Closed caroheymes closed 8 months ago
Thanks @caroheymes
Indeed I haven't seen your previous issue. Not sure why. Sorry!
As a quick check, I just tried to crawl with advertools, and it seems OK (I tested 100 pages)
Here is the sample file:
https://docs.google.com/spreadsheets/d/12E-Sq3mELZPBS3RwZuyev3t5ClHBCQiAqIzNgvuPm4I
I didn't dig deep into the page, but it seems there is some JS causing the popup, and then it's blocking the page. But on the live website it works properly as in the shared file.
Just curious, why do you want to view it offline?
Hello Elias, thanks for your feedback. I am building a streamlit app to benchmark competitors prices.
Everyday, agents visit & collect the prices of different players and push the data in bigquery.
I need also to identify which products are unavailable. I've tried several xpath cf example below and defintely, I thing that I am blocked by the cookie wall (cf view response in scrapy)
urls = 'https://www.interflora.fr/p/roses-passion' output_file_details = 'export.jl' adv.crawl(url_list = urls, output_file=output_file_details, xpath_selectors={'button' : '//span[@data-test-id = "button-add-to-cart"].text()'}, custom_settings={'ROBOTSTXT_OBEY': False, 'DOWNLOAD_DELAY' : 1, 'USER_AGENT':'Mozilla/5.0 (Windows NT 10.0; Win64; x64) AppleWebKit/537.36 (KHTML, like Gecko) Chrome/113.0.0.0 Safari/537.36'} df = pd.read_json(output_file_details, lines=True) df.columns => Float64Index([], dtype='float64')

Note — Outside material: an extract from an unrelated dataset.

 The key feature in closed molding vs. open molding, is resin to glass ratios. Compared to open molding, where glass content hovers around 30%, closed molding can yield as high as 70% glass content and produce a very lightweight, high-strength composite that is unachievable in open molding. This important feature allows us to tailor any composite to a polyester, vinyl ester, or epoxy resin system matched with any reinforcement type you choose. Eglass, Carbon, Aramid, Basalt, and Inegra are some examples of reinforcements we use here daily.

the ld+json is unfortunately not enough
Thanks for your feedback
I think your selector is correct. But it seems this button is generated through some JS because its value is dynamic. I can't find it in the page source (but it's there when you inspect the element):
The word "épuisé" is itself épuisé :)
Checkout playwright maybe or other solutions. I'm thinking of options to tackle such situations. Hope this makes sense.

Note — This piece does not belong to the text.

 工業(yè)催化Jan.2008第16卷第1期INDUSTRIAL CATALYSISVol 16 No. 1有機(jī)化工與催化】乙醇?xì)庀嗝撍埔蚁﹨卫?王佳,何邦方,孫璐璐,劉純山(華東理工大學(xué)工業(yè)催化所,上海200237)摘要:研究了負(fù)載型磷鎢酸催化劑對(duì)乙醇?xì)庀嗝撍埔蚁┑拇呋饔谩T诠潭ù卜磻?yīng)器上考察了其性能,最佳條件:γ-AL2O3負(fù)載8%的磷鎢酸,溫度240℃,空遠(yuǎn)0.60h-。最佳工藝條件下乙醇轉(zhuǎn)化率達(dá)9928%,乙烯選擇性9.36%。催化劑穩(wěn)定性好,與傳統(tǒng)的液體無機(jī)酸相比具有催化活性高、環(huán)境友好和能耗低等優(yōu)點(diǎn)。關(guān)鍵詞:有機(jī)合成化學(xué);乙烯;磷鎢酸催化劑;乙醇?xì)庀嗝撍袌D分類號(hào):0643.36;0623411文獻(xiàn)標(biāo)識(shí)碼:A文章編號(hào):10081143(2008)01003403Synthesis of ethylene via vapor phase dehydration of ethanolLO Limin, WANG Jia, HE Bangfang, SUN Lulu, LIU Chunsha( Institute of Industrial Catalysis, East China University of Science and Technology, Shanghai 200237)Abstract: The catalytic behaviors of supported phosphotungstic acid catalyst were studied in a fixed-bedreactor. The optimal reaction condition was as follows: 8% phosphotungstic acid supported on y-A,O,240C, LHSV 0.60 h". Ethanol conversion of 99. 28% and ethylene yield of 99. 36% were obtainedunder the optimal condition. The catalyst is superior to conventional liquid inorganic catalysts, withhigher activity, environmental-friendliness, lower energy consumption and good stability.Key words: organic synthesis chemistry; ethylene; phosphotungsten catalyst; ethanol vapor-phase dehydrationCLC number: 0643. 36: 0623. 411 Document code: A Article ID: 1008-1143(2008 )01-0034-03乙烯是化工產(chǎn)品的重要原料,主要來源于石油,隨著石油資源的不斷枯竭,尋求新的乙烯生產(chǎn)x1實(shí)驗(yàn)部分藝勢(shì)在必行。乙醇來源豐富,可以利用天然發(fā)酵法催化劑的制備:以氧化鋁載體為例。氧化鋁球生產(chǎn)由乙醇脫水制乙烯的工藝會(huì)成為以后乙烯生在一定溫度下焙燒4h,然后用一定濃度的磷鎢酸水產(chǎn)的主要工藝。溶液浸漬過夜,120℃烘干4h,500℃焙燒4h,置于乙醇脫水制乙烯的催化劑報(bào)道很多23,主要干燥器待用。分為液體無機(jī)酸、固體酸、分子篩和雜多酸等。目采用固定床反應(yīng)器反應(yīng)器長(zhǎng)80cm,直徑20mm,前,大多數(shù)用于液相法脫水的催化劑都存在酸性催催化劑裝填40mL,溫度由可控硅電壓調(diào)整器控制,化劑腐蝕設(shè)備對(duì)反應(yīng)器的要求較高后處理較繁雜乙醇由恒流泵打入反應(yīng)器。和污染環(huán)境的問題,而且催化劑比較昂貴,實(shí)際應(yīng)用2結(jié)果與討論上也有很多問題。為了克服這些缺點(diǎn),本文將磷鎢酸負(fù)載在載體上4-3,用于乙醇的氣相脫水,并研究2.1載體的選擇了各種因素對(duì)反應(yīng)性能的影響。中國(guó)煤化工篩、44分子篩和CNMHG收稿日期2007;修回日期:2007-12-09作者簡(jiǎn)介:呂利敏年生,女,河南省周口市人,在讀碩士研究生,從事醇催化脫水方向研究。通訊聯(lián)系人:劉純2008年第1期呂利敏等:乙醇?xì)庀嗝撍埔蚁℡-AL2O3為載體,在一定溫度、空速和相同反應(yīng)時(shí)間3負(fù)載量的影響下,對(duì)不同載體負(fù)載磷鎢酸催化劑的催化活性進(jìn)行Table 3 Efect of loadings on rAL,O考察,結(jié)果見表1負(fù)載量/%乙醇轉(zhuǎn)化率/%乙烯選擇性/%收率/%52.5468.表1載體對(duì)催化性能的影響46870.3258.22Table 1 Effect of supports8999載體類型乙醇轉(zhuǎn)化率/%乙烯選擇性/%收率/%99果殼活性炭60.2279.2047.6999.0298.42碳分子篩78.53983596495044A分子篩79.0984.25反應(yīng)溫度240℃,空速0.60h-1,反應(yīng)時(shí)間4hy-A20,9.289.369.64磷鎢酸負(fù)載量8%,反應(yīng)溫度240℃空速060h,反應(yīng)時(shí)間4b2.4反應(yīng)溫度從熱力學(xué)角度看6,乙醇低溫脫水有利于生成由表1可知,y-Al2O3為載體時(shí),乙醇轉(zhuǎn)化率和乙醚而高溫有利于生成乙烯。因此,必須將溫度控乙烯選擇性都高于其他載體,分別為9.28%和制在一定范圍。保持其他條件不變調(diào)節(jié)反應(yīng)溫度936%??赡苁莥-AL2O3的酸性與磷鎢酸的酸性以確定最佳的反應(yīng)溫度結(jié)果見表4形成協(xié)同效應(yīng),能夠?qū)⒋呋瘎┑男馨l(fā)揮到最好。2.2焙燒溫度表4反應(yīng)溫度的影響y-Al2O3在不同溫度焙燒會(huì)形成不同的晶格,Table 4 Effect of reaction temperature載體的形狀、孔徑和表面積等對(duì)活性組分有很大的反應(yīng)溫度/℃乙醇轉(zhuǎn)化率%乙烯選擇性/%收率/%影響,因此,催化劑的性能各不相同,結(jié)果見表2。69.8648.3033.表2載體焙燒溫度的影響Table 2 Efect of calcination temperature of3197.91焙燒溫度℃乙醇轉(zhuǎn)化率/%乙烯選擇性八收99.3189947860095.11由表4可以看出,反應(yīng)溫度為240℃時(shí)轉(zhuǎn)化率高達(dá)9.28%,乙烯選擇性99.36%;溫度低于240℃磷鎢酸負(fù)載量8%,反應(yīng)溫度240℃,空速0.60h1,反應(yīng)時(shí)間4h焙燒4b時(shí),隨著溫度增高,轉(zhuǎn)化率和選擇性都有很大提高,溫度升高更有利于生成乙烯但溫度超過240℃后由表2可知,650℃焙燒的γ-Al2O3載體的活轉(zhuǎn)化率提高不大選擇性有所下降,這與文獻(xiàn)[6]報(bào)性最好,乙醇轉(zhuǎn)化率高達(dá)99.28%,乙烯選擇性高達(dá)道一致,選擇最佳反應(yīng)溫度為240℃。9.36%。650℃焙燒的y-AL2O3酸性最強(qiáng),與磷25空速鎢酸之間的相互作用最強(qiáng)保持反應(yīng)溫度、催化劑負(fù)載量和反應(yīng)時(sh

Hello Elias, I did not know playright before. Works fine for bypassing js wall ! Thanks a million
Hello Elias, I had already posted the topic some time ago on https://github.com/eliasdabbas/advertools/discussions/328, but I don't think you had seen it.
Thank you for the fantastic work you're doing with advertools.
However, I have an issue with websites that have a cookie wall, like on https://www.interflora.fr/p/roses-passion.
When I do scrapy shell view(response) I can clearly see that I am blocked. There is absolutely no element like the title, the button or body_text
So, I was wondering if you might have a fantastic idea to work around this issue.
Thanks a million !